- **Exercise prompt**: The pictures in the listing below are to be skipped, while the lines between the line holding "감사인 선정권자도 유형별로" and the line holding "Охват родителей- 98%.", inclusive, are to be output exactly.

- **The input**:
'''

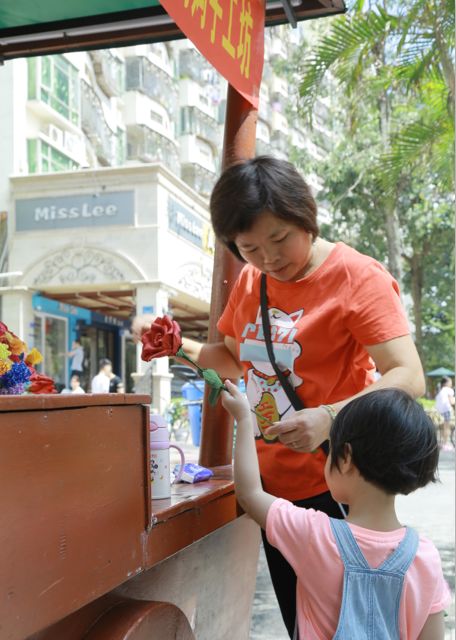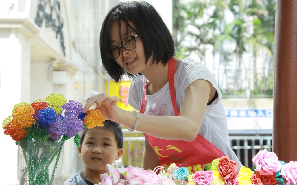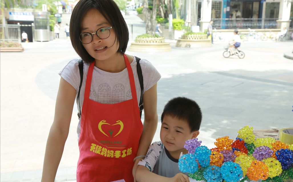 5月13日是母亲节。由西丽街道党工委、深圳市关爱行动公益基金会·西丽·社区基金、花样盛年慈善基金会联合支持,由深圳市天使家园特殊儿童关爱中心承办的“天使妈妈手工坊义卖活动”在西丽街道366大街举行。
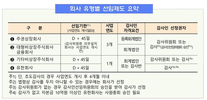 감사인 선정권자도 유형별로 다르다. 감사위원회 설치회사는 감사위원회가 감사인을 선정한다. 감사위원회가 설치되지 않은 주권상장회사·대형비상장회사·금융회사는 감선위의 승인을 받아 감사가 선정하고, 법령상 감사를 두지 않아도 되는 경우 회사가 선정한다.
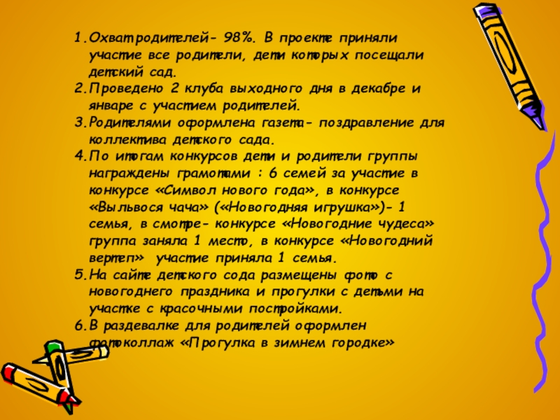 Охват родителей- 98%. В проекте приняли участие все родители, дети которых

'''
'''

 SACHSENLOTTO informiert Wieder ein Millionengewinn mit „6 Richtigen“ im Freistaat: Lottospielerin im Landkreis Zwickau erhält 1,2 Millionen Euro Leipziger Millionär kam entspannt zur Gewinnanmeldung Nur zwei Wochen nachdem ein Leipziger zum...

'''
'''

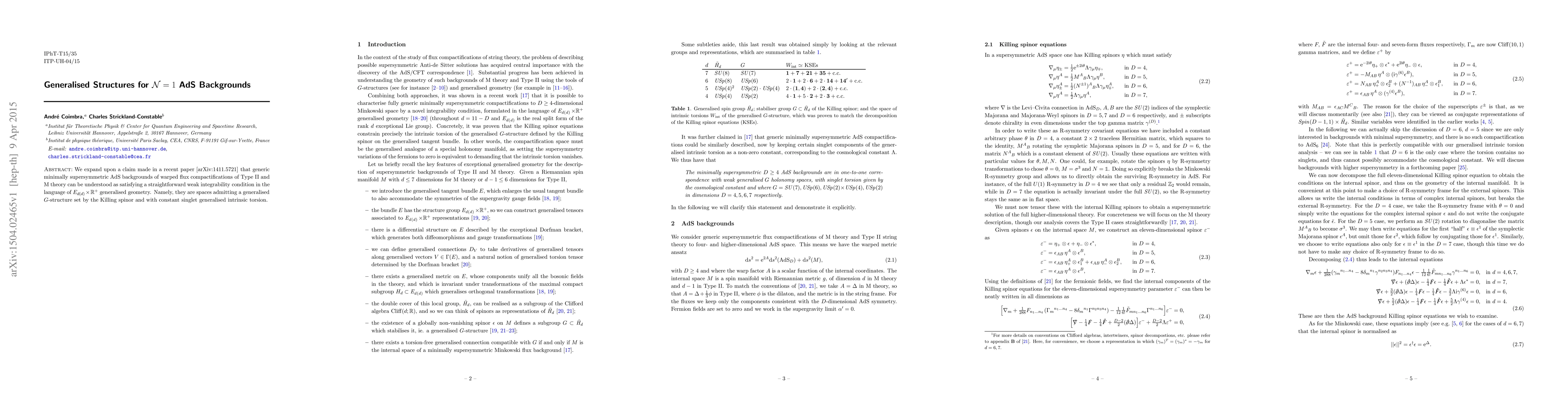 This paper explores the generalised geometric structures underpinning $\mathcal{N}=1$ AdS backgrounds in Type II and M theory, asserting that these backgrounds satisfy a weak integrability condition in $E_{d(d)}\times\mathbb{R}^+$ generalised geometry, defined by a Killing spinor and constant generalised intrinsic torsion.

'''

- **Exercise solution**:
 감사인 선정권자도 유형별로 다르다. 감사위원회 설치회사는 감사위원회가 감사인을 선정한다. 감사위원회가 설치되지 않은 주권상장회사·대형비상장회사·금융회사는 감선위의 승인을 받아 감사가 선정하고, 법령상 감사를 두지 않아도 되는 경우 회사가 선정한다.
 Охват родителей- 98%. В проекте приняли участие все родители, дети которых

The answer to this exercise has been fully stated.